The final section of the paper will arguably be the most interesting. The central question of this part is the following:

# Can de novo handle the large search space better than database searches would ?

Indeed, this is actually the central question to be answered before deciding to shout 'all HAIL DE NOVO, our savior, begone with databases'.

The task of de novo sequencing is much harder than database searching as the search space becomes unrestricted given a pre-defined set of tokens, e.g. amino acid and modifications. The question is more layered than one would first expect. We will subdivide the question in three parts and argument all of them before coming to the conclusion of the paper.

### Question 1: What would database search engines choose ?

The thing developers of de novo algorithms focus most on, is something that is often obscured when looking at database searching and more specifically, the post-processing part of it with rescoring. Database searches allow x candidates (either allowing a mass shift or nah) per spectrum and choosing only the top-ranking one according to a very simple rule. In Sage, this is the summed intensity of the annotated fragment ions. After this step, rescoring comes into play to evaluate the top-scoring PSMs per spectrum across the whole run, essentially making the FDR dataset-dependent (something we want as each dataset is unique). In de novo, we can also choose to output a single peptide, however, during the decision process of this particular peptide the whole complex rescoring part including fragment intensity, retention time (?) prediction and other more complex features is used indirectly. The approach of de database searching would be more akin to de novo sequencing if the rescoring module is applied on a larger set of peptides within a single spectrum, and then choosing the best PSM among them.

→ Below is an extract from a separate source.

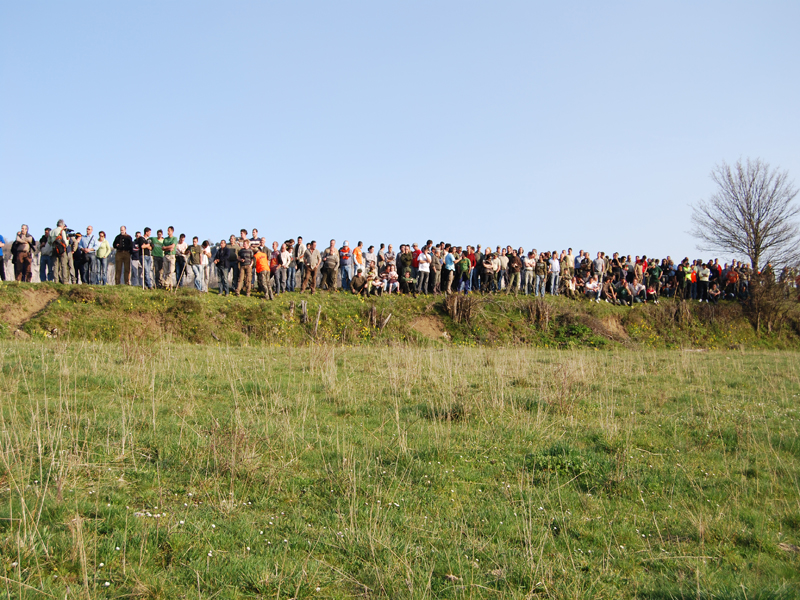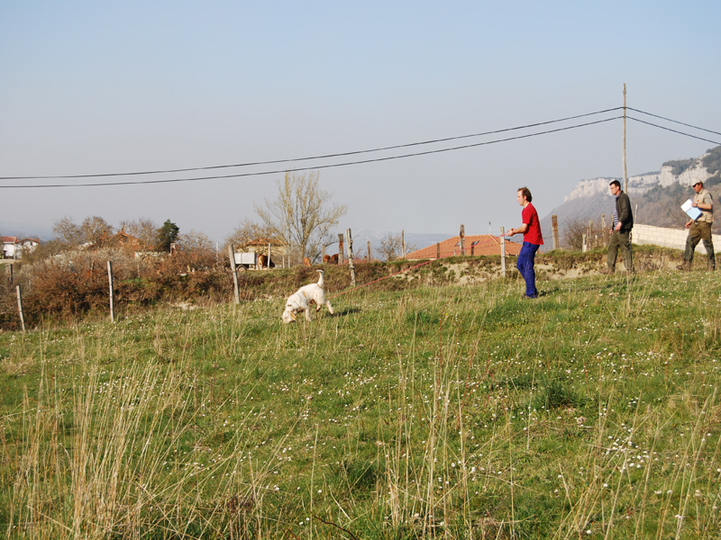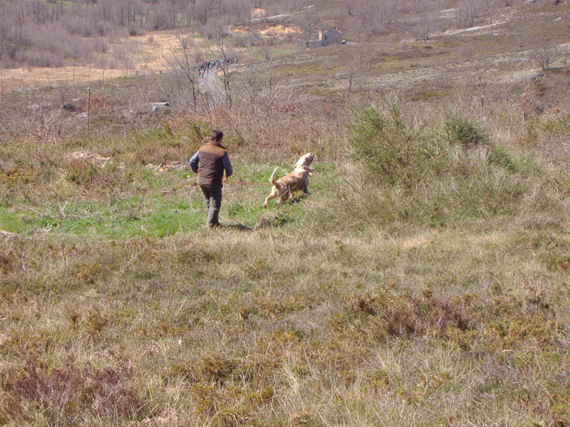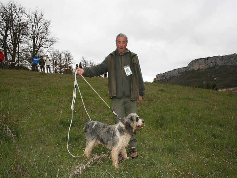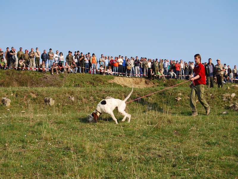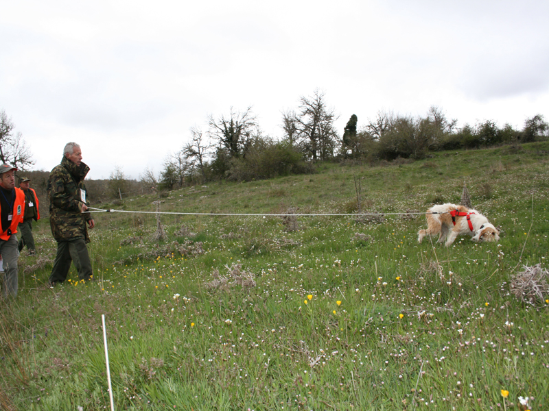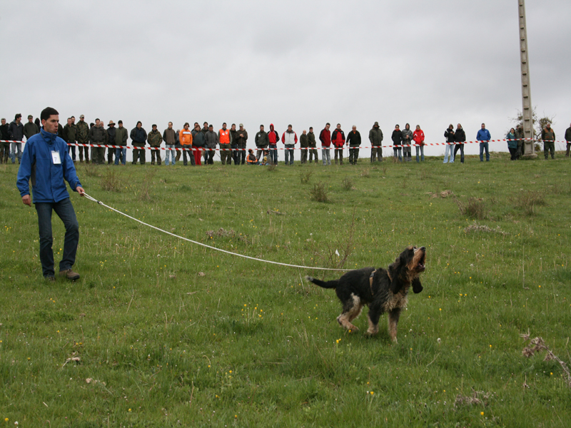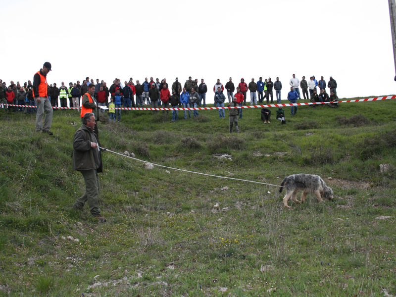 Sobre las trece horas daba comienzo la Gran final, en una finca con menos roce y más tiempo en el rastro que en las pruebas selectivas, ya que estaban los mejores perros y había que comprobar la diferencia entre ellos. La organización había marcado previamente el campo, con la misma distancia para cada perro, con varillas intermedias y de comienzo y fin de cada prueba, y marcas verdaderas y faldas, para que los concursantes no pudieran identificar el rastro.
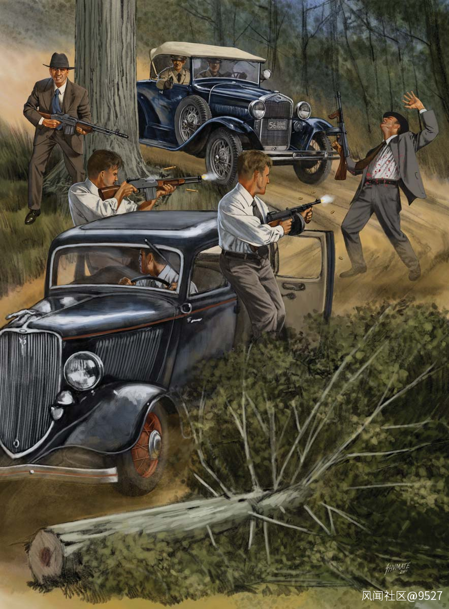 克萊德-巴羅成了一個自學成才的BAR槍手。就像這裏看到的那個黑幫分子一樣,巴羅至少在他的兩把BAR槍上切掉了槍管,使武器更容易進出汽車,也更容易從車窗上射擊,他偶爾也會這樣做。他並不需要一個大塊頭來處理這把武器。克萊德-巴羅身高166釐米,體重58公斤,使用BAR沒有問題。W.D.瓊斯的體型和克萊德差不多,他在與警察的戰鬥中也能熟練地使用BAR。邦妮-帕克的體重可能有45公斤,如果這麼多的話,不管邦妮是否真的在槍戰中開過BAR--這一點是有爭議的--她肯定會多次舉起它們。邦妮為她的BAR犯罪團伙擔任總裝彈手。柯爾特“監控者”的生產數量非常少,這裏描繪的與一名執法者在一起的柯爾特“監控者”主要由聯邦特工使用。雖然聯邦調查局,司法部的執法部門,購買了大部分出售的“監控者”,但有證據表明,有11把“監控者”被送到了財政部。財政部特工,曾被稱為T-men,他們的起源可以追溯到18世紀。艾略特-奈斯,也許是最著名的T-man,他幫助把阿爾-卡彭送進了監獄,罪名是逃税。財政部的執法機構後來被稱為酒精、煙草、火器和爆炸物局(ATF)。絕大多數殉職的ATF特工都是在試圖執行1919年至1933年的聯邦禁酒法時遇害的。他們的新“監控者”無法幫助他們打擊酒類販運--民用布朗寧直到1934年才到貨。

Therefore, to introduce this difficult to grasp distinction, I want to show this with a nice example. If I would expand the search space with the search space delimited by the de novo algorithms, what would happen to the de database results ? The small percentage (x) increase of search space drastically changes the results of the database search. The only reason this is the case is because internally (in Sage), this particular closely-resembling peptide sequence explains more intensity within the spectrum, becoming the top-ranked hit and thus selected for further analysis with rescoring, ignoring all ambiguity to lower-ranked hits for that spectrum in the process.
 
Indeed, the results of this experiment is directly related to the concept of ambiguity, something we aim to solve with restricting the database yet after selecting a top-hit for a spectrum, completely ignoring it afterwards. When doing benchmarks with de novo, we expect the algorithm to choose a possibly suboptimal sequence within a pre-defined, restricted, yet unknown search space.


### Question 2: Are the de novo sequences inside the cloud of ambiguity for those spectra ?

To further support the argument of ambiguity, a second analysis would demonstrate that some false de novo predictions lie in the ambiguity area of a spectrum. This ambiguity area is still for me difficult to clearly define but would work as follows. Some spectra do not have conclusive evidence for a particular sequence. That's that. No matter the approach, either with databases or de novo, the answer will remain uncertain. A side-effect demonstrated here, is that those spectra will have a bunch of peptide sequences with semi-equal scores, where neither the de novo, nor the database score is the highest, yet lies within a normal distribution of other ambiguous cases. The difficulty here is that ambiguity already starts with 2 sequences. Designing a metric for this is not straightforward.


### Question 3: Databases removes the ambiguity problem, and no amount of de novo will be able to solve it effectively

This section is for those de novo prophets, promising de novo to be the end of database searching. This will only be the case if the data is perfect, which is never the case. This section will only be short and builds further upon question 2, with the addition that the database makes the ambiguity metrics explode in the advantage of clarity.

This will conclude the evaluation of de novo algorithms and thus the paper.

# Plots to make

### 1_search_engine_results

Perform experiment as follows:
1. Search 1: Classic search
2. Search 2: Classic search with added de novo sequences (ignore the scores)
3. Rescore both by using the models trained on results from search 1.
4. Analyze the difference. Are de novo sequences higher scored? If not, then Sage internals went wrong. If yes, showcases false positive ? Is the database wrong ?

The plot should raise questions answered in section 2.

### 2_ambiguity_metrics

Still a WIP on how to define this metric

- Boxplot: metrics when de novo engines are correct. Next to it, boxplot with metrics if de novo is wrong in all cases, or in some cases
- Pick out example showing where the de novo sequences, database sequence lie within the large cloud of candidates in a highly ambiguous spectrum

### 3_ambiguity_reduction_db

Before and after boxplot showing how the ambiguity metrics change.